What I was talking about is swathing them while they are still green and growing , before they turn into a tumbleweed. We call them thistles .


----------



## FarmerCline (Oct 12, 2011)

Wow, I can't imagine that many tumbleweeds. I always thought it would be neat to see tumbleweeds blowing around....I didn't get to see any when I went out west. It would not be to fun to have to keep all those cleaned up though when they pile up in your fence or yard.


----------



## slowzuki (Mar 8, 2011)

I suppose you could burn the bales if bales were dry?


----------



## Gearclash (Nov 25, 2010)

If this is the tumbleweed I see around here (kochia) then it is hard to kill with cheap herbicide and seems to thrive in hot dry weather. That and waterhemp have been bad here the last two years.


----------



## Teslan (Aug 20, 2011)

I've had close to this around my house a few years ago when the neighboring farm was owned by a big city lawyer and he let it go to weeds. Thankfully that farm was bought by a farmer and back to somewhat good management. That winter they rolled across my then nice weed free hay fields and even my nice thick lawn had those bastard things growing. Mine were the Kochia that Gearclash mentions. You can kill them with herbicide, but you will basically have to kill the ground to get those things dead.


----------



## Teslan (Aug 20, 2011)

somedevildawg said:


> That's funny....reckon there's a market for baled tumbleweeds? Put it in the right package.......just saying, joke might be on usins....
> 
> Don't reckon I've ever seen a tumbleweed up close.....trade ya some kudzu for some tumbleweed?


Actually a few years ago I read about a couple people around here that would sell them. Mostly to the movie industry or set designers, and insane people that wanted them for landscaping. They would get the big ones and put them in a huge box and ship them out for like $100+ per box.


----------



## RockmartGA (Jun 29, 2011)

That looks like a dangerous situation to me. All it would take is something to light them off and you would have a wildfire in town.


----------



## RockmartGA (Jun 29, 2011)

somedevildawg said:


> trade ya some kudzu for some tumbleweed?


LOL, but I wouldn't wish kudzu on anyone....


----------



## mlappin (Jun 25, 2009)

pack em down enough and run em thru a big square baler then burn in a power plant.

Looks like a hell of a mess though


----------



## ontario hay man (Jul 18, 2013)

I was thinking the same way or could you chop them for cow bedding?


----------



## Teslan (Aug 20, 2011)

ontario hay man said:


> I was thinking the same way or could you chop them for cow bedding?

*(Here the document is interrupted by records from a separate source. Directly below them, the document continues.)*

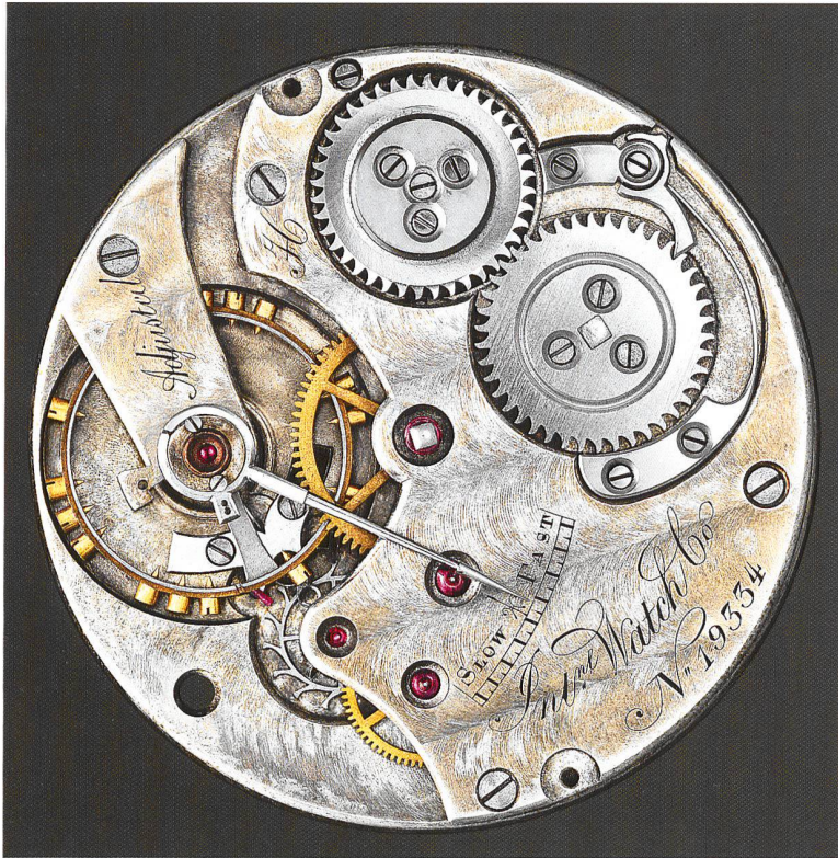
Die Ästhetik des Uhrwerks: Kaliber-Jones-Uhr der höchsten Qualitätsstufe «H» und Taschenuhr mit Goldfassung (unten)

vorzubringen. Das Sein, hier: Qualität, Genialität und Langlebigkeit der Werke, war bei IWC immer wichtiger als das Scheinen, wichtiger als Dekoration oder übertriebene Extrovertiertheit der Produkte, die häufig die «Genfer Uhr» auszeichnete. Das macht IWC-Uhren so eigenständig und unverwechselbar. Bis heute. Um dieses Ziel erreichen zu können, war es auch unverzichtbar, den eigenen Uhrmachernachwuchs heranzuziehen. Die hauseigene, vierjährige Ausbildung zum «Horloger complet» ist in der Branche hoch angesehen, die Absolventen sind entsprechend begehrt.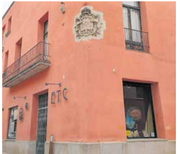
Façana de l'ETC, que celebrarà un vermut de Festa Major el diumenge 10.

Després del dinar, és prevista l'actuació d'un discjòquei perquè l'assistència pugui ballar. ➔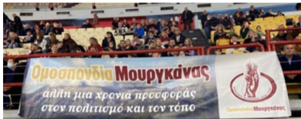
Το πανό της Ομοσπονδίας Μουργκάνας στην εκδήλωση της «Πίτας του Ηπειρώτη 2023»

Ομόφωνα εγκρίθηκαν ο Διοικητικός και Οικονομικός απολογισμός του απερχόμενου Διοικητικού Συμβουλίου της Ομοσπονδίας Μουργκάνας στη συνέλευση που έγινε στις 18 Δεκεμβρίου 2022 στα γραφεία της Ομοσπονδίας. Στη συνέλευση πήραν μέρος 38 Αντιπρόσωποι από 12 Αδελφότητες και τη διεύθυνση των εργασιών ανέλαβε ο Γιώργος Οικονόμου, πρώην πρόεδρος του Δ.Σ. της Πανηπειρωτικής Συνομοσπονδίας Ελλάδας (Π.Σ.Ε.).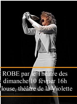
DIE FROBE par le Théâtre des neaux dimanche 10 février 16h à Toulouse, théâtre de la Violette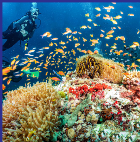
El medio ambiente marino y arrecifes de coral.

La Fundación Planet Future ha sido creada con 4 objetivos muy bien definidos: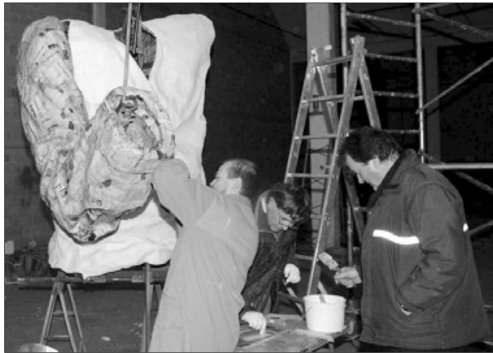
Štmavci med gradnjo pustnega voza

Ob velikem vozu bo korakalo rekordnih stotrideset pustnih navdušencev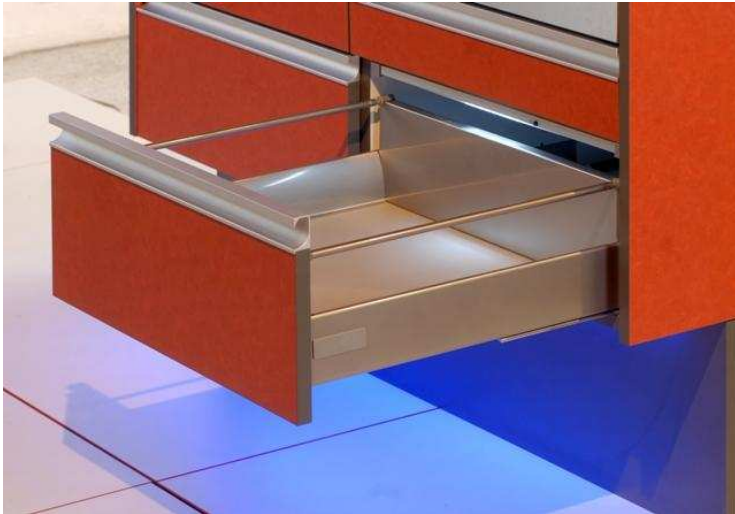
Küche RaumWandel, beleuchtete Schubladen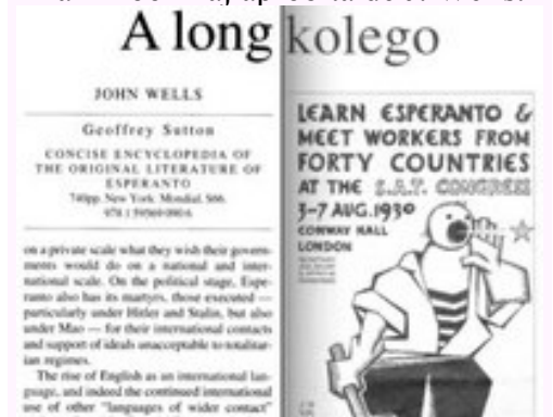
Geoffrey Sutton: Concise Encyclopedia of the Original Literature of Esperanto, 740 p. Libroservo de UEA: 48 eŭr.

Longa kolego en Times Literary Supplement. En 2008 aperis monumenta verko de Geoffrey Sutton pri la literaturo de Esperanto ( vidu apuda bildo ). Ĝi estas la ĝis nun plej ampleksa monografio pri la vasta temo, kaj iom mirinde, ĝi estas anglalingva. Kelkaj esperantistoj jam proponis, ke oni traduku la verkon "Concise Encyclopedia of the Original Literature of Esperanto" al Esperanto, sed kompreneble la anglalingva versio povas atingi multe pli grandan publikon, kiu ĝis nun tute ne konsciis pri la ekzisto de esperantlingva literaturo. Plian paŝon direkte al sia potenciala publiko la elstara verko faris la 6-an de februaro, kiam en la pinte prestiĝa literatura revuo Times Literary Supplement aperis ampleksa recenzo de John Wells. Libera Folio publikigis la kompletan tekston de la recenzo. La traduko estas farita de Brian Moon kaj aprobata de J. Wells.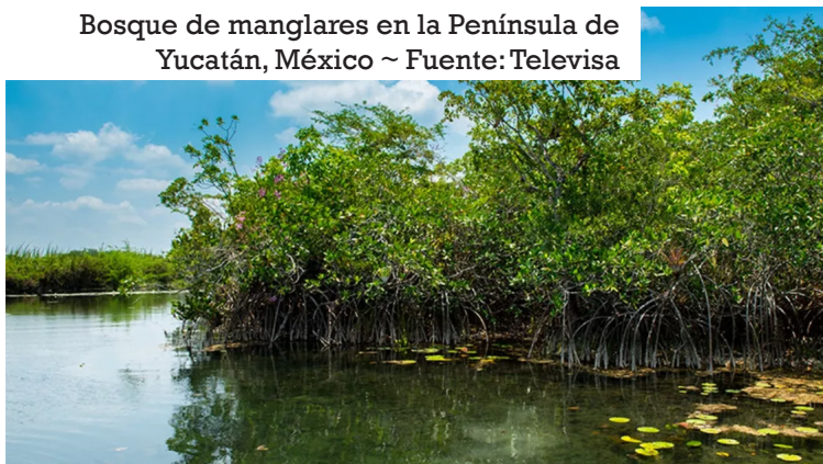
Bosque de manglares en la Península de Yucatán, México

Entre las medidas de adaptación más conocidas están la construcción de infraestructuras más seguras, sostenibles y resilientes, la conservación y restauración de bosques y ecosistemas naturales, la aplicación de soluciones basadas en la naturaleza, la gestión de riesgos ante desastres naturales o la diversificación de cultivos.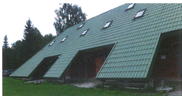
Ubytovna – Pavilon A (v patře)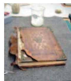
Einledern des Buchblockrückens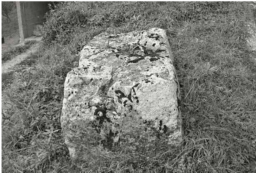
Sl. 3 – Sanduk, istočna strana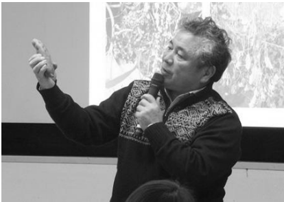
「害虫の被害や規格外作物が沢山あるんだよ」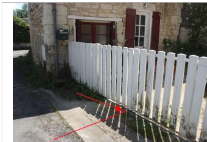
Niveau 1982 rue François Villon

Type de repérage : Campagne de terrain post-inondation Organisme : Etablissement public du bassin de la Vienne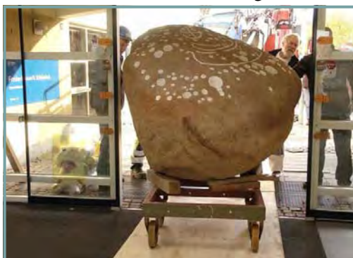
Stenen skubbes ind gennem døren. Der er kun få centimeter at give af.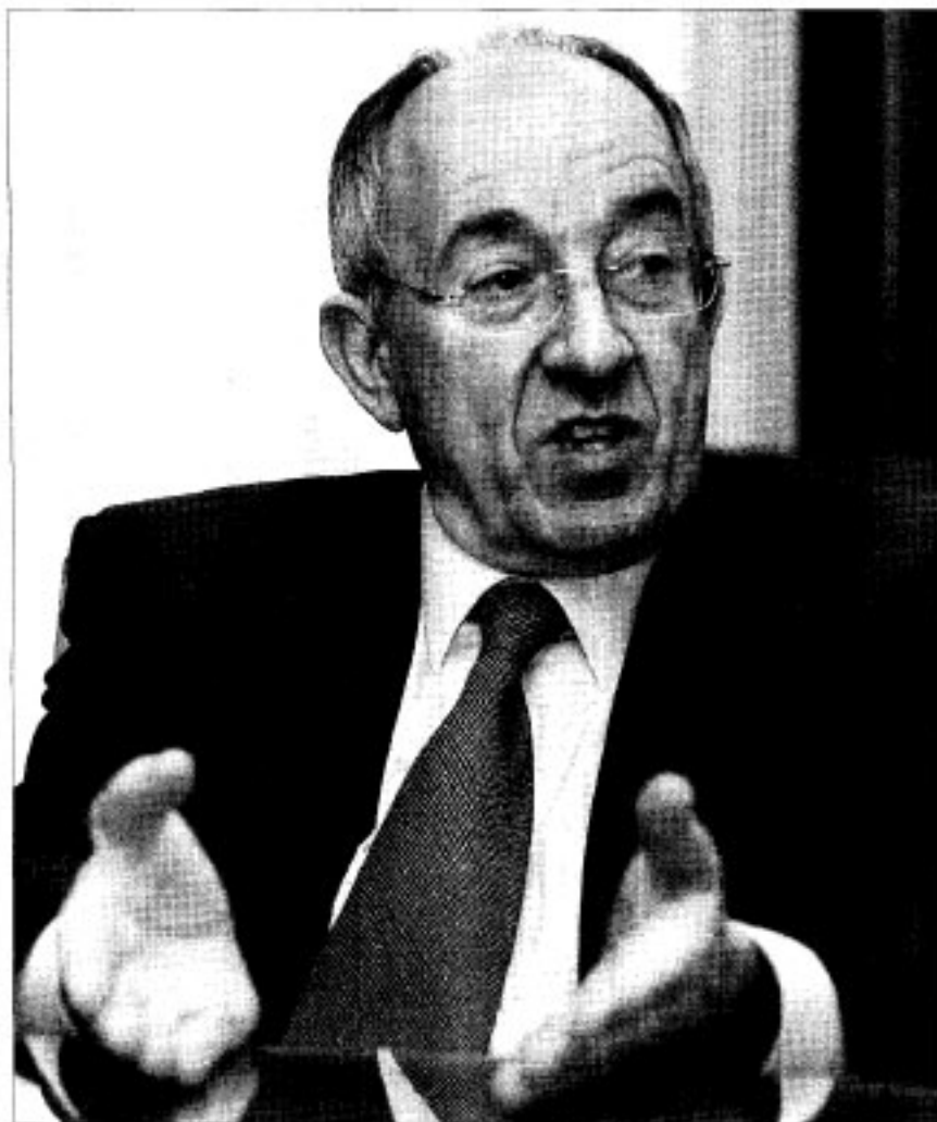
El secretario de Estado de Hacienda, Fernández Ordóñez, en un momento de la entrevista.

Respuesta: El Estado no se queda con menos. Las comunidades reciben ahora una cantidad en concepto de cesión de impuestos, más un fondo de suficiencia que se suma. Ahora, el total va a ser el mismo, lo que varía es que la composición entre participación en impuestos y transferencias se altera a favor de dar más peso a la participación en tributos. Ni el Estado ni las comunidades autónomas tienen más, o tienen menos, en el año cero de la reforma. De ahí en adelante, si el sistema se generaliza a todas, si que habrá un efecto, pero para las más dinámicas. Ahora, hay comunidades que están teniendo crecimientos muy importantes, como Murcia o como las del arco mediterráneo, lo que está afectando a sus necesidades de sanidad, de educación, de infraestructuras... y sin em-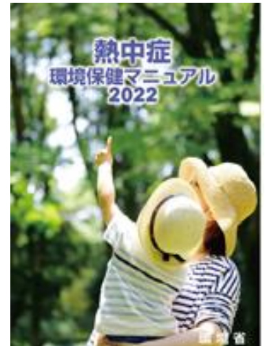
「熱中症環境保健マニュアル2022」 (令和4年3月改訂 環境省)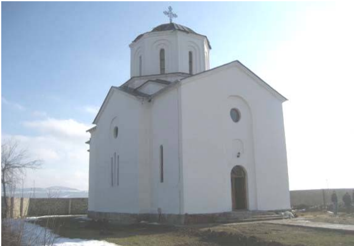
Изглед цркве Св. Апостола Андреја након друге фазе обнове крајем 2007. год.

Детаљна обнова цркве је почела у лето 2007. и састојала се од унутрашњих и спољашњих поправки. До краја године већи део радова у цркви је завршен. Друга интервенција обухвата обнову звоника и она је започета у касну јесен 2007. год. Радови на звонику је предвиђено да буду завршени у току 2008. када ће бити комплетирани и унутрашњи радови у цркви.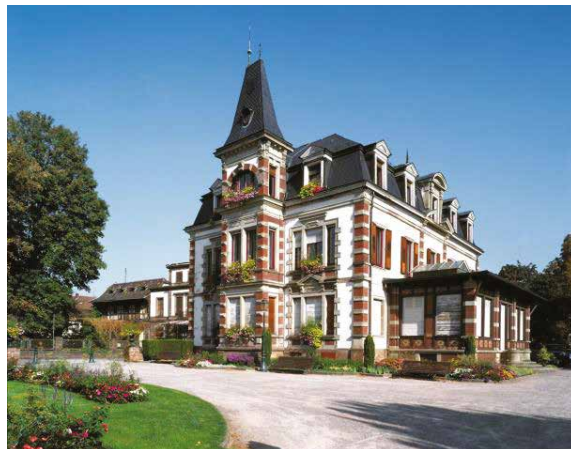
Parc du Château de Schiltigheim

No way. Much too prickly. You'd have problems getting the stickers in their skin.


----------



## swmnhay (Jun 13, 2008)

And weed seeds would be in it then spread out in the manure all over.


----------



## Teslan (Aug 20, 2011)

mlappin said:


> pack em down enough and run em thru a big square baler then burn in a power plant.
> 
> Looks like a hell of a mess though


Actually I doubt all those tumble weeds in that picture would even make more then 3-4 bales. It would be more trouble then it's worth. But they do burn great!!


----------



## ontario hay man (Jul 18, 2013)

Ya I didnt think that far ahead lmao


----------